Com a queda no valor da cesta básica em 13 das 18 capitais pesquisadas pelo DIEESE, o salário mínimo vigente atinge um quarto (25,25%) do valor constitucional, necessário para a sobrevivência do trabalhador e sua família, composta de dois adultos e duas crianças. O mínimo necessário que determina a Constituição Federal para o mês de agosto último seria de R$ 2.685,47, equivalente a 3,96 vezes os R$ 678,00 em vigor.

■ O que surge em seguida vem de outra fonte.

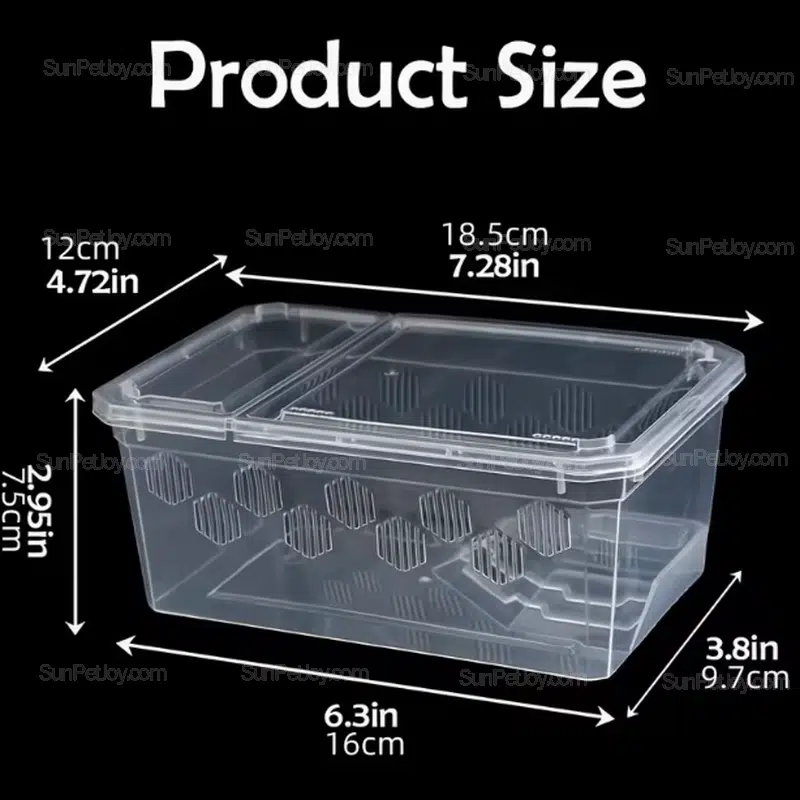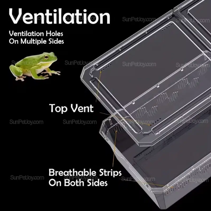This ventilated reptile breeding box set is designed for controlled breeding, temporary housing, and isolation of small reptiles and amphibians.
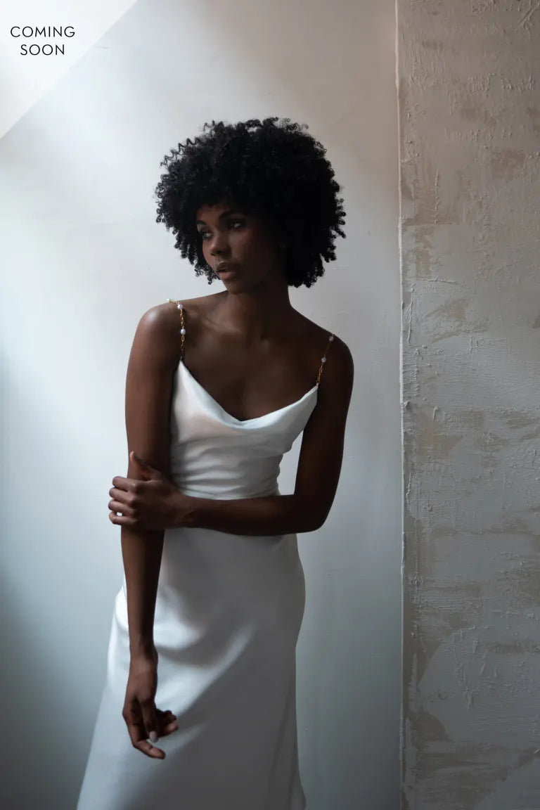 Step into timeless elegance with the Andrea satin midi dress, a chic classic with a modern update. This stunning satin dress features gold chain straps dotted with pearls, elevating it to new heights of sophistication.
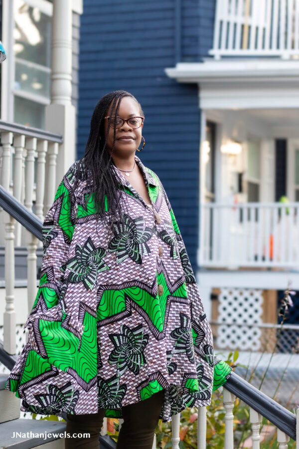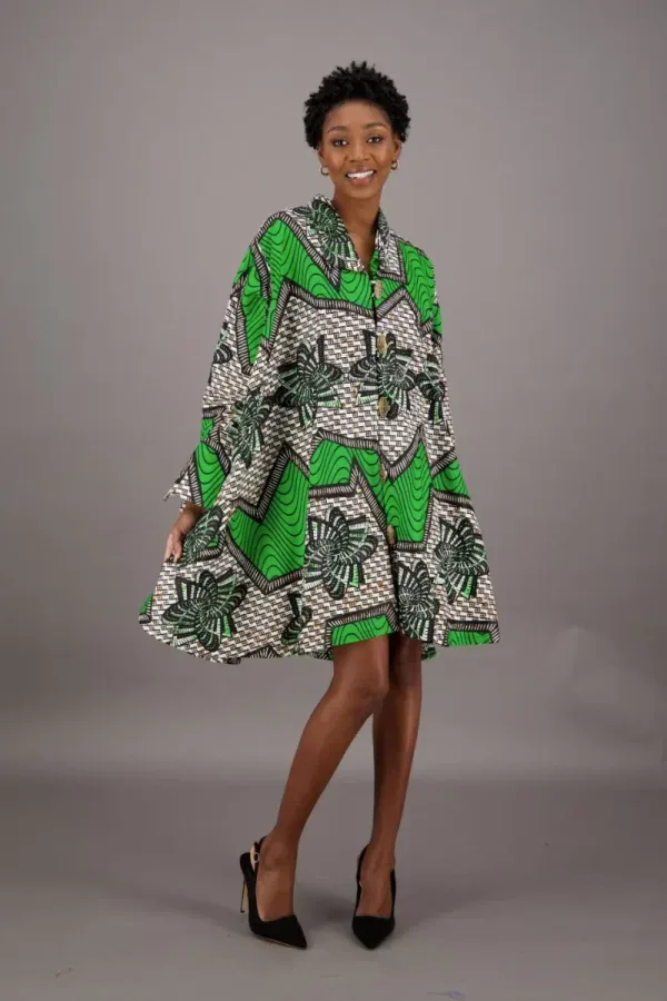 Make a bold entrance in our Emerald Echo Button-Down Dress, where comfort meets statement style. Crafted with a vibrant African print in stunning green tones, this dress is designed to flatter fuller figures with a breezy silhouette and structured shape.
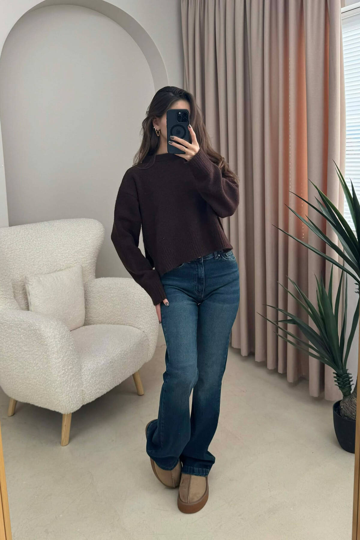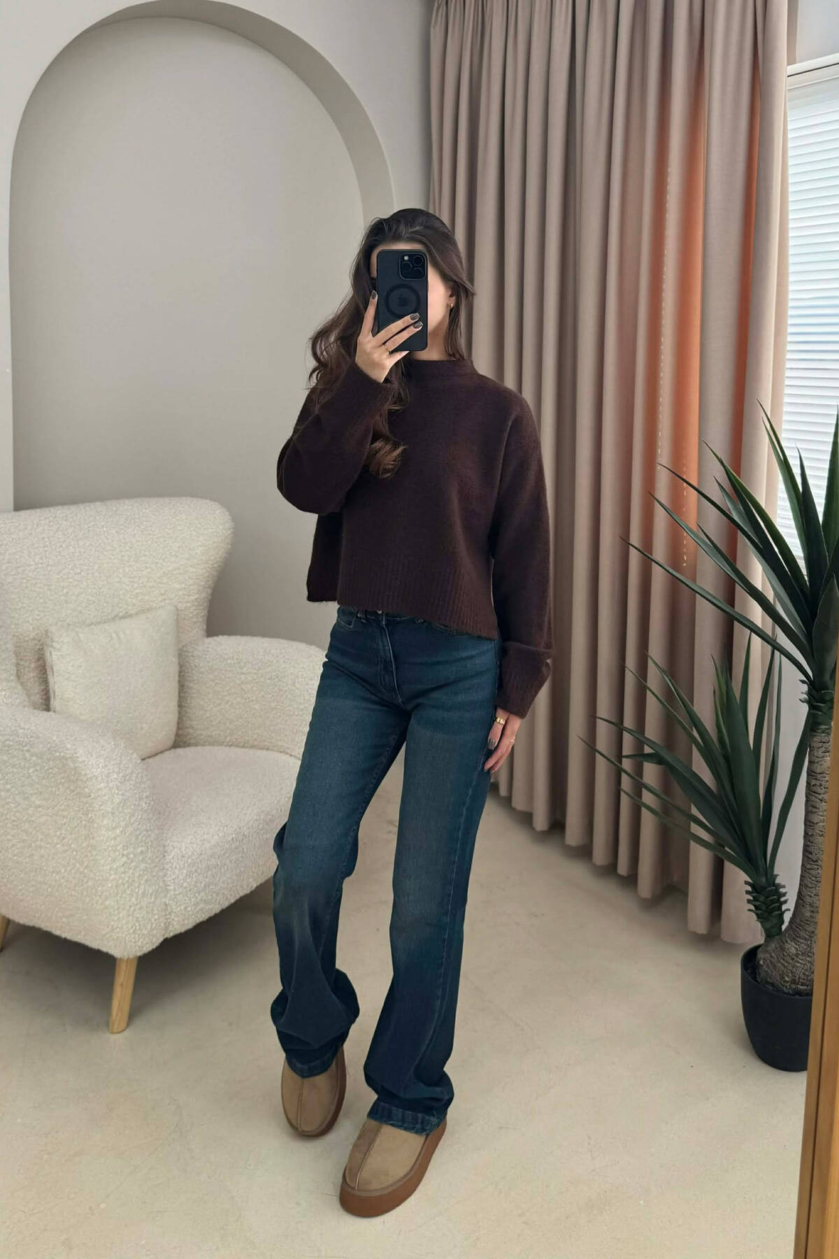 TRIKO E THJESHTË ME JAKË GJYSËM GOLF PËR FEMRA NË NGJYRË KAFE TË ERRËT

Parece que vivemos em um país irreal. A Constituição Federal,
chamada de Constituição Cidadã, promulgada em 1988, estabelece que o salário
mínimo seja suficiente para que o trabalhador e sua família tenham alimentação,
moradia, saúde, educação, vestuário, higiene, transporte, lazer e previdência. Este princípio
vem desde o tempo do trabalhismo no poder, quando Getúlio Vargas instituiu o
salário mínimo. A remuneração suficiente para cobrir essas necessidades básicas
dá dignidade ao trabalhador, na sua dedicação à produção das riquezas
nacionais. Com ela, não precisa mendigar cestas básicas e outras modalidades de
favores políticos que o tornam dependente e preso a essas concessões
humilhantes.
Programas semelhantes ao “minha casa, minha vida”

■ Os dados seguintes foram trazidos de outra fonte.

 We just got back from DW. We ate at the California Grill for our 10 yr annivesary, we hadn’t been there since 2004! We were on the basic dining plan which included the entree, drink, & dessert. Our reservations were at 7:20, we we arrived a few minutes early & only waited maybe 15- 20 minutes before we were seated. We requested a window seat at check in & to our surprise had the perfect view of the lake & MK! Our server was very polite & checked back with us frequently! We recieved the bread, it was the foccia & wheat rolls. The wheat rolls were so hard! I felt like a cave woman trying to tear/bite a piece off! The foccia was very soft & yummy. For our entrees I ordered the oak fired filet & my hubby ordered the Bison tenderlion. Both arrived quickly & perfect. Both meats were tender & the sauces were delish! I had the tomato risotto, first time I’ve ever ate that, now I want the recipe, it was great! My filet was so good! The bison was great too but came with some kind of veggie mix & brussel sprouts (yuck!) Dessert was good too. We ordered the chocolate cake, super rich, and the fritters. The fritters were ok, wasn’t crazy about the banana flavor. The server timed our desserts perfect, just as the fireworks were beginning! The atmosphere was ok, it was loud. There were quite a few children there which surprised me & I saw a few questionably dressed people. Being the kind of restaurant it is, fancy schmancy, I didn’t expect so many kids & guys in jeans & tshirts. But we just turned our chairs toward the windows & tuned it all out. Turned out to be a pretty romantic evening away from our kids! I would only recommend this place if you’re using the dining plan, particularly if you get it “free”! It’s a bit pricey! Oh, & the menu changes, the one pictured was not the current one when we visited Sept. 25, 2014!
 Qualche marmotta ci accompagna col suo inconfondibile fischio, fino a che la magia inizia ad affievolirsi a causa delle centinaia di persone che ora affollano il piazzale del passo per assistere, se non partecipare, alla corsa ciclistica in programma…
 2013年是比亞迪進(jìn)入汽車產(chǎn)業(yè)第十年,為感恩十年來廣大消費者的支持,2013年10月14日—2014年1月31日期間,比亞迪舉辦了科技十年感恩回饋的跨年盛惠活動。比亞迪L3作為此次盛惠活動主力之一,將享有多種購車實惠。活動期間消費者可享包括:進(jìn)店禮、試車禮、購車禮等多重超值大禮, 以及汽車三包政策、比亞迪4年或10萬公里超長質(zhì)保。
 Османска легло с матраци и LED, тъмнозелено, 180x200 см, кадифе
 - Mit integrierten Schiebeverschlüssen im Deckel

jogam quem tem os baixos rendimentos para lugares que não são da sua escolha, a
morar em unidades nem sempre adequadas às famílias, no seu espaço físico e na
sua divisão de cômodos. A padronização
desse tipo de moradia fere a individualidade. Cada um tem um gosto e um formato ideal para a fachada
de sua casa e para a sua funcionalidade, como imagem da própria
personalidade. E esses
conjuntos habitacionais acabam por se transformarem em guetos, como núcleos de
exclusão social e realçam a divisão de classes do país.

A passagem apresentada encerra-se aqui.